- First tankōbon volume cover

隣の元カレくん
- Genre: Romance
- Written by: ago
- Published by: Shueisha
- Imprint: Margaret Comics
- Magazine: Manga Mee
- Original run: April 12, 2024 – present
- Volumes: 7

= Tonari no Motokare-kun =

Japanese manga series

 (隣の元カレくん, Tonari no Motokare-kun) is a Japanese manga series written and illustrated by ago. It began serialization on Shueisha's Manga Mee website in April 2024.

==Synopsis==
Kuroki and Inaba were once high school sweethearts who once broke up and went their separate ways. Now in her 40s, divorced and with a child not in her custody, Kuroki now lives alone in Hokkaido, and spends her time thinking of Inaba.
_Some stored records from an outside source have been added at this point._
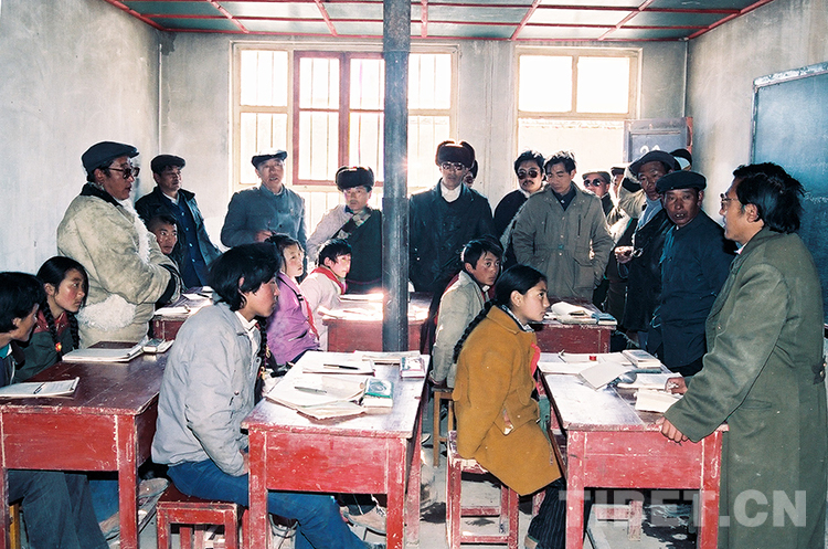 這是那曲地區“訪問團”人員在參觀文部辦事處小學(唐召明1989年12月份攝)
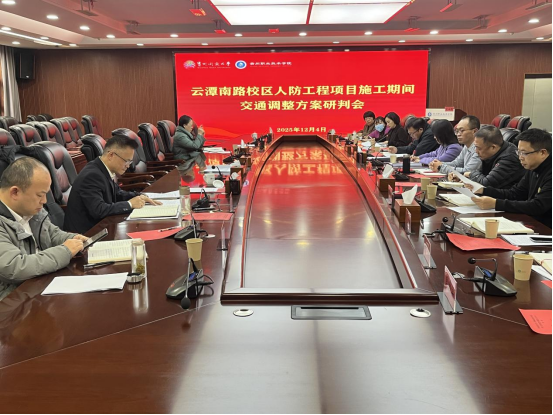 为确保云潭南路校区人防工程有序推进,解决施工期间的校园交通、停车及安全问题。12月4日,我校召开云潭南路校区人防工程施工期间交通调整方案研判会。校党委常委、副校长周勇出席会议,保卫工作部、后勤处、办公室、宣传部、学工部、网络中心、图书馆,公共基础部及各二级学院主要负责人参会。
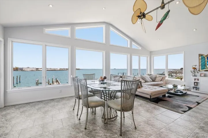 Upstairs, the second level showcases an expansive and sun-drenched living space. A gracious living room, formal dining area, and large open-concept kitchen with breakfast area flow seamlessly into an additional family room. The entire rear of the home is framed by soaring ceilings and dramatic picture windows, capturing breathtaking, unobstructed views of the bay—truly priceless. A private balcony off the kitchen further enhances the experience, offering the perfect setting to enjoy morning coffee or evening sunsets over the water.
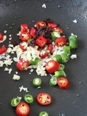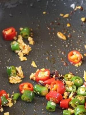 倒掉锅内鸡膝多余的油,留底油,鸡软骨的做法大全,下青红线椒圈和蒜末炒香,加一点点香辣酱炒匀,鸡软骨是哪个部位图片解析,鸡软骨是在鸡的哪个部位,鸡软骨掌中宝做法。
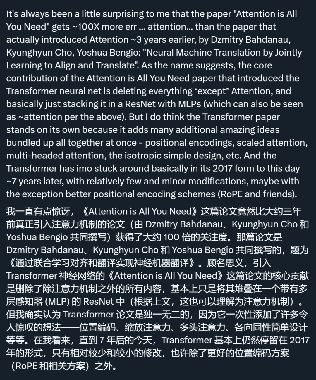 在去年的一个帖子中,AI 大牛 Andrej Karpathy 曾发帖感叹,Bahdanau 等人在单层上引入软注意力的那项工作——「Neural Machine Translation by Jointly Learning to Align and Translate」才是真正引入注意力机制的论文(最近拿到了 ICLR 2025 时间检验奖的亚军),但「Attention is all you need」所受到的关注却是它的 100 多倍。不过,他也承认,「Attention is all you need」这篇论文有其独特性。

She later finds out that Inaba has moved in next door, which gives her the opportunity to confess her long-held feelings for him despite their break-up.

==Publication==
Written and illustrated by ago, Tonari no Motokare-kun began serialization on Shueisha's Manga Mee website on April 12, 2024. Its chapters have been compiled into seven tankōbon volumes as of September 2026.

| No. | Release date | ISBN |
|---|---|---|
| 1 | June 25, 2025 | 978-4-08-843164-2 |
| 2 | June 25, 2025 | 978-4-08-843165-9 |
| 3 | October 24, 2025 | 978-4-08-843208-3 |
| 4 | January 23, 2026 | 978-4-08-843227-4 |
| 5 | April 23, 2026 | 978-4-08-843258-8 |
| 6 | June 25, 2026 | 978-4-08-843276-2 |
| 7 | September 25, 2026 | 978-4-08-843303-5 |
| 8 | November 25, 2026 | 978-4-08-843323-3 |

==Reception==
The series won the second place prize at the 2026 EbookJapan Manga Awards.